4.  I have a right to ask questions about the things that have a potential negative effect on my life, or could cause me great distress.  Even if people think I’m sticking my nose in where it doesn’t belong or if they think I’m crossing their boundaries – I have a right to be protective of my own happiness and wellness.

5.  I can object to potentially hurtful things before I actually become hurt. 

6.  I don’t have to explain myself when somebody objects to my independence.

7.  I don’t always have to be the one who apologizes first.

8.  There’s a difference between having a sense of entitlement and rightfully sticking up for what is mine.

9.  Even though I don’t have a sense of entitlement doesn’t mean I’m less deserving of anyone else of good things.

10.  I am not obligated to help out people who choose not to have their shit together.

11.  I am not obligated to be sweet and nice to those who are intrusive and imposing.

12.  I don’t always have to be the one to “figure it out” for someone who falls short.
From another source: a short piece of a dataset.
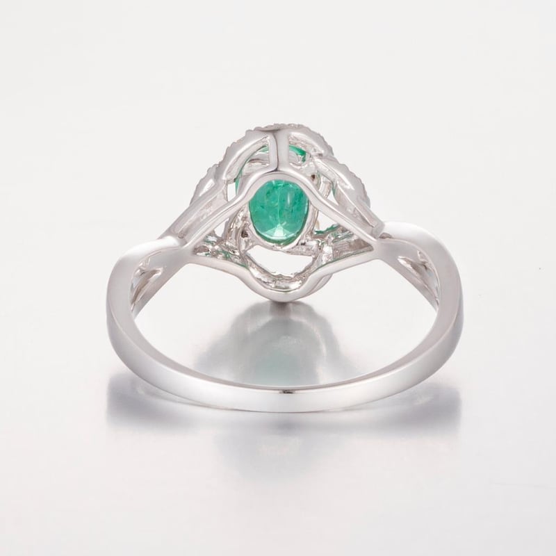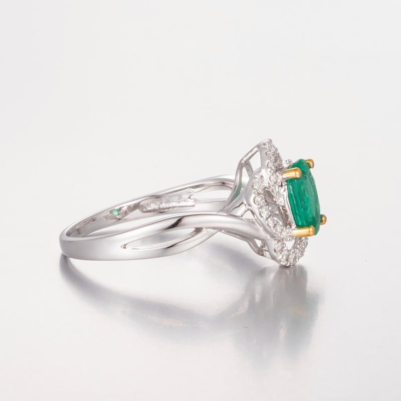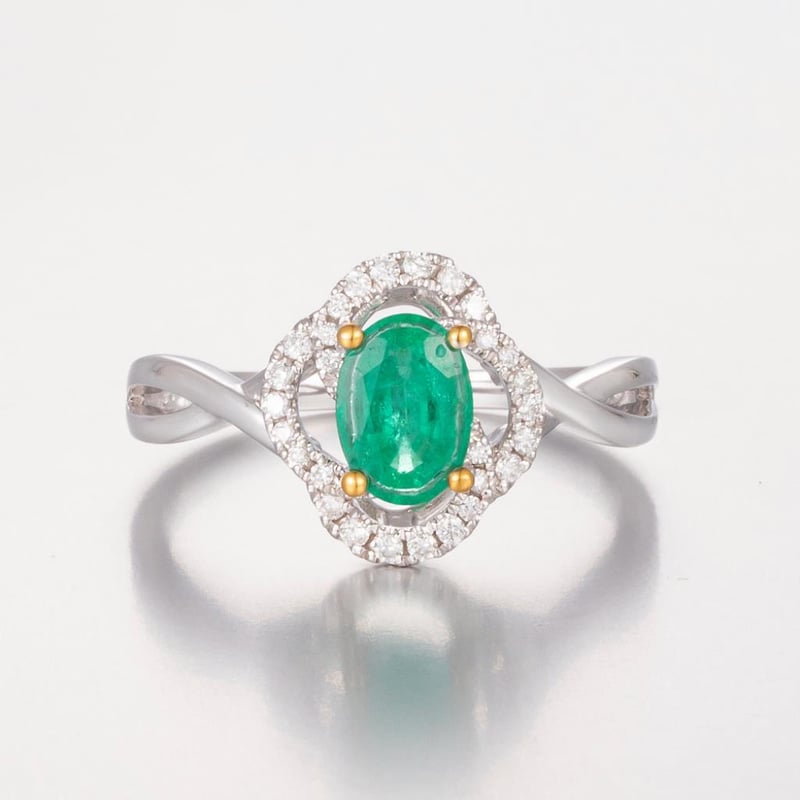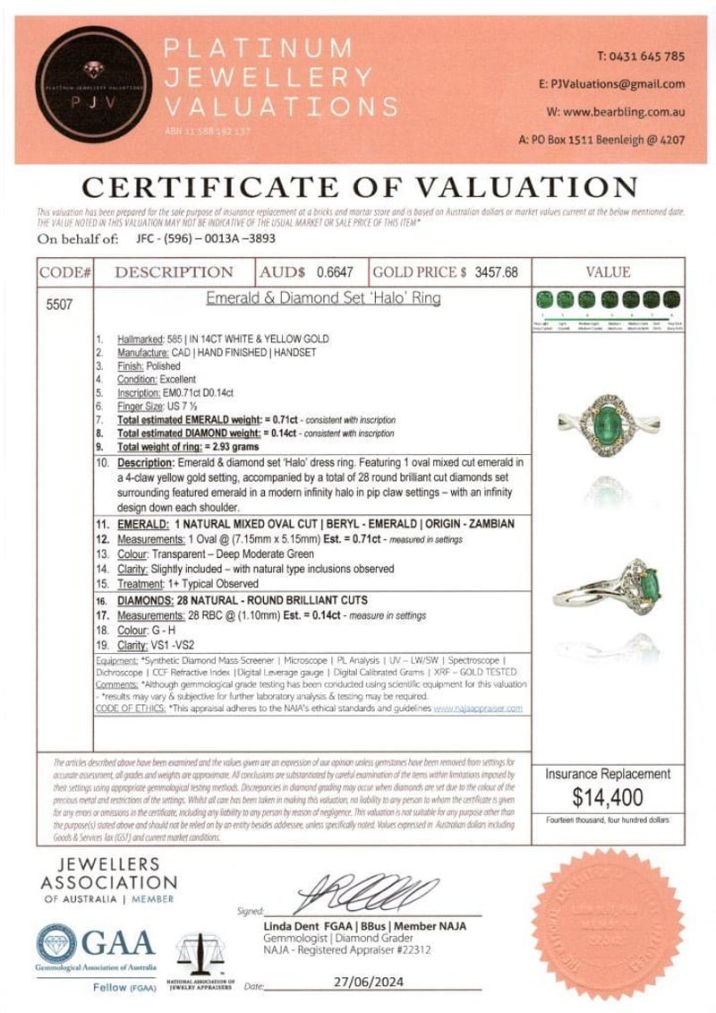 14CT WHITE GOLD ZAMBIAN EMERALD AND DIAMOND DRESS RING FEATURING CENTRE, OVAL CUT, DEEP MODERATE GREEN ZAMBIAN EMERALD (0.71CT, SLIGHTLY INCLUDED), CLAW SET IN YELLOW GOLD, WITH 28 ROUND BRILLIANT CUT DIAMONDS (0.14CT TDW, G-H COLOUR, VS1-VS2 CLARITY), PIP CLAW SET. RING SIZE O.

13.  I will no longer feel ashamed for having moments of insecurity.  It’s normal.

14.  I don’t have to apologize for not meeting someone elses expectations, especially when those expectations are so high it’s cruel. 

15.  I have a right to my anger.

If you know of anyone who struggles with boundaries I hope you pass this on to them.  What do you think of setting boundries and maintaining them?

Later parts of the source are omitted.